(January 02, 2005 )
House prices poised for first annual fall in a decade
BY CLARE FRANCIS (ABRIDGED)
Property values could drop by up to 8% this year, raising fears
that buy-to-let investors will quit the market
HOMEOWNERS are being warned that house prices could fall this year for the first time in a decade.
Even where experts are predicting continued rises, growth is expected to be lacklustre. This has raised fears that many buy-to-let investors will sell up. Research from Savills Private Finance, a broker, found that 61% of landlords were investing for capital growth rather than income.
Halifax, Britain’s biggest mortgage lender, forecasts that property values will slip by an average of 2% in 2005. It would be the first annual drop since 1995, when prices fell by 1.5%.
Martin Ellis, Halifax’s chief economist, said: “House prices have now been rising for nine years and the average home has gone up by almost £100,000, or 160%. Following such strong gains, homes are no longer affordable for many people, particularly first-time buyers, and they are staying away from the market. This will contribute to modest price falls this year.”
House prices are currently 5.74 times average earnings, according to Halifax — an all-time high and well above the long-term trend of about 3.5 to 4 times earnings.
Some experts are predicting even bigger declines in house prices. Christopher Smallwood, chief economic adviser to Barclays, thinks prices could drop by 8%.
Capital Economics, a consultancy, believes property values will drop by 20% over the next two years, with a 7% fall in 2005.
However, others think house-price growth will slow down sharply, rather than crash.

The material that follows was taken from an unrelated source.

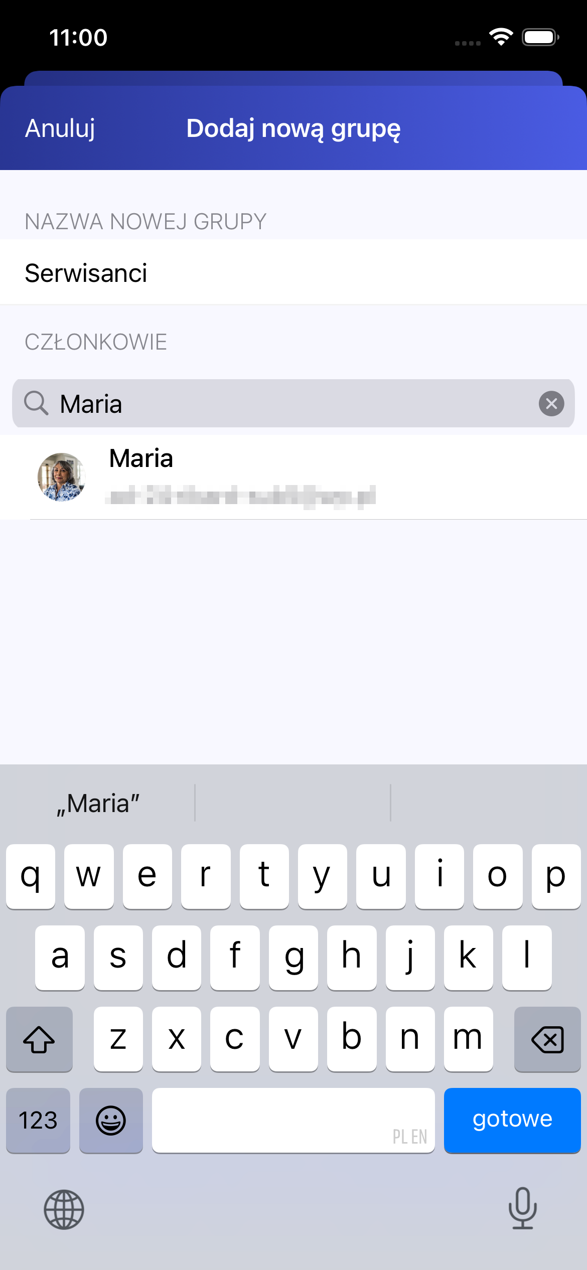 Do każdej nowej grupy automatycznie dodawany jest administrator usługi.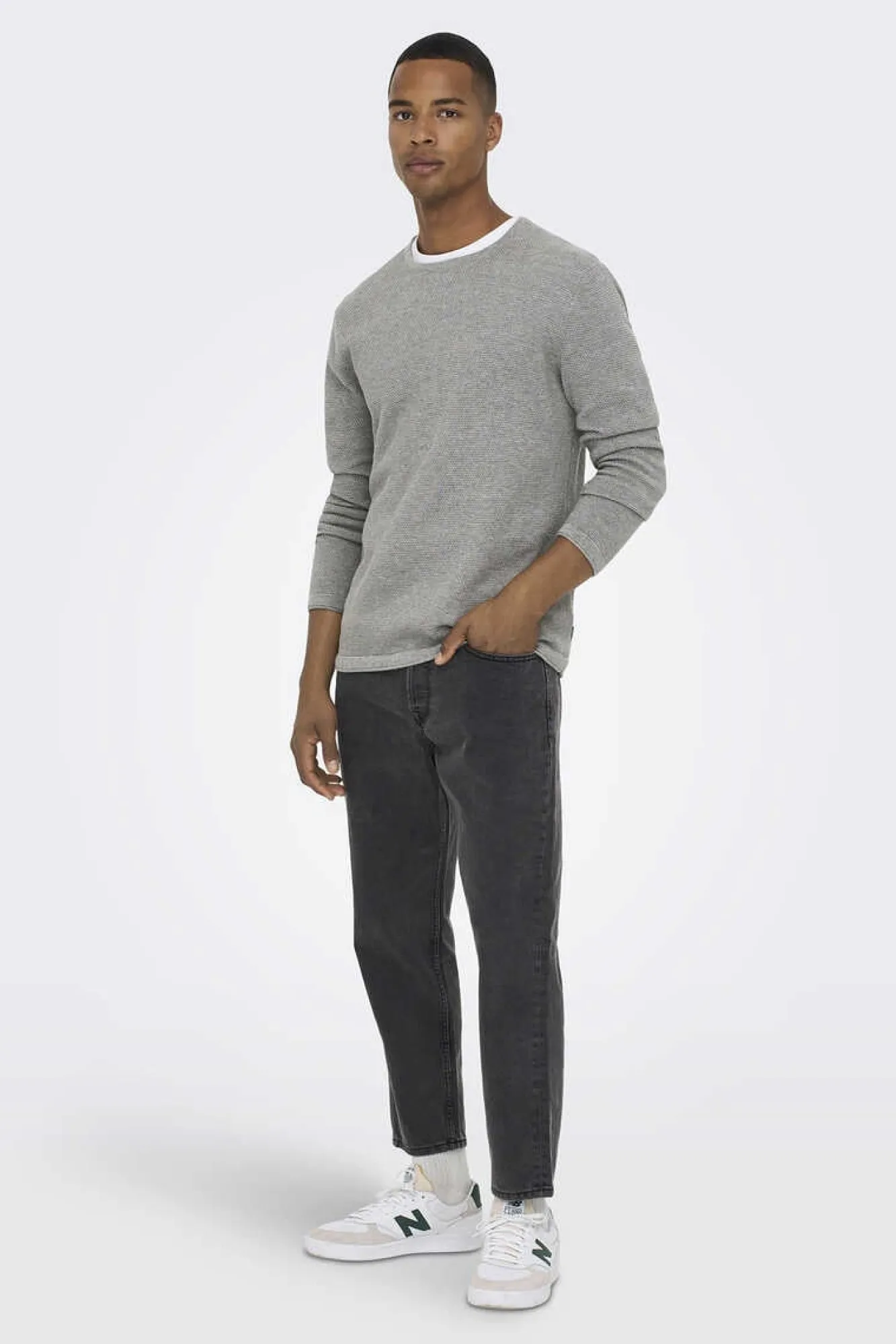 Camisola Com Gola Caixa, Malha Leve E Manga Comprida. Regular Fit, Fabricado Com Materiais Reciclados.

Last week, Nationwide said that prices fell 0.2% in December, but the building society expects property values to rise by an average of 2% this year. Abbey is also predicting growth of 2%; the Council of Mortgage Lenders has a forecast of 4%.
David Pannell of Durlacher, an investment bank, fears the slowdown will prompt a rush to sell. He said: “House-price growth could be close to zero for six or seven years as earnings catch up with house prices. We believe that, as a result, many amateur buy-to-let investors will be tempted to take profits.”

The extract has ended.